Szokujące warunki na siatkarskim mundialu. Reprezentant Polski wszystko ujawnił
Norbert Huber ujawnił szokujące warunki na siatkarskim mundialu. Zdradził, że hala, w której odbyły się mecze grupowe, pozostawiała wiele do życzenia.
W trakcie trwających mistrzostw świata reprezentacja polskich siatkarzy gra niczym w transie.
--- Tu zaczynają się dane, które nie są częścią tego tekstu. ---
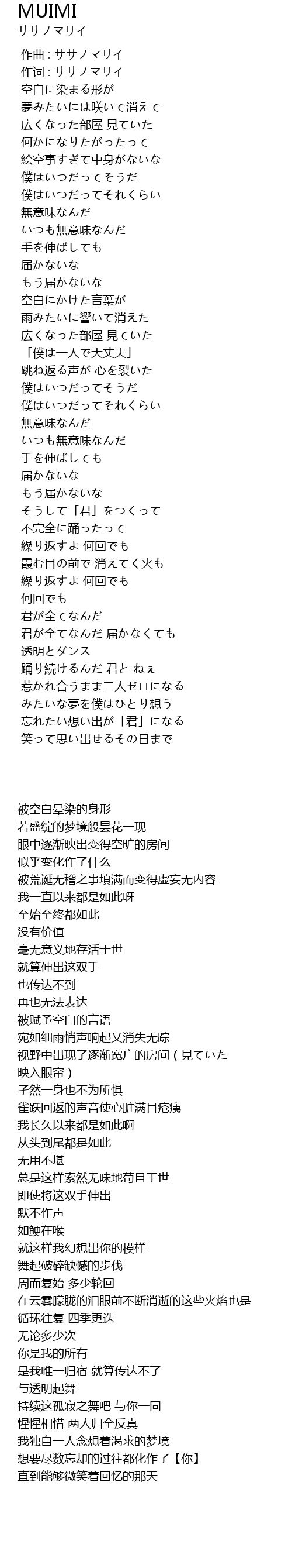 作词 : ササノマリイ |

W zmaganiach grupowych pokonała Rumunię, Katar oraz Holandię, awansując do kolejnego etapu z pierwszego miejsca.
W 1/8 finału biało-czerwoni rozprawiali się z Kanadyjczykami, zwyciężając 3:1. W ćwierćfinale mundialu czeka już na nich turecka kadra.
Przed nadchodzącym spotkaniem z dziennikarzami porozmawiał Norbert Huber. Podczas wywiadu poinformował o szokujących warunkach w hali Smart Araneta Coliseum, w której odbyły się mecze grupowe.
- Druga hala prezentuje się dużo lepiej. Jest trochę cieplej, jest ładniejsza. Mamy nawet ciepłą wodę w szatni i można się umyć po meczu, co wcale nie jest takie oczywiste. W poprzednim obiekcie tego nie było, także w halach treningowych. Jest też trochę czyściej, są lepsze warunki sanitarne. Nie ma obawy, że coś wyjdzie spod szafki - wyjawił środkowy naszej kadry.
W "drugiej hali", Mall of Asia Arena, o której wspomniał Huber, odbywa się faza pucharowa. Siatkarz podkreślił, że organizacja tegorocznego turnieju pozostawia wiele do życzenia.
- Mam nadzieję, że następne poważne turnieje będą w innych częściach świata. Może więcej hoteli, więcej hal w większej liczbie miast. Komitet organizacyjny ma spore pole do popisu - dodał Huber.
Warto wspomnieć, że nadchodzące mistrzostwa świata w siatkówce mężczyzn zostaną zorganizowane w Polsce. Impreza została zaplanowana na 2027 rok.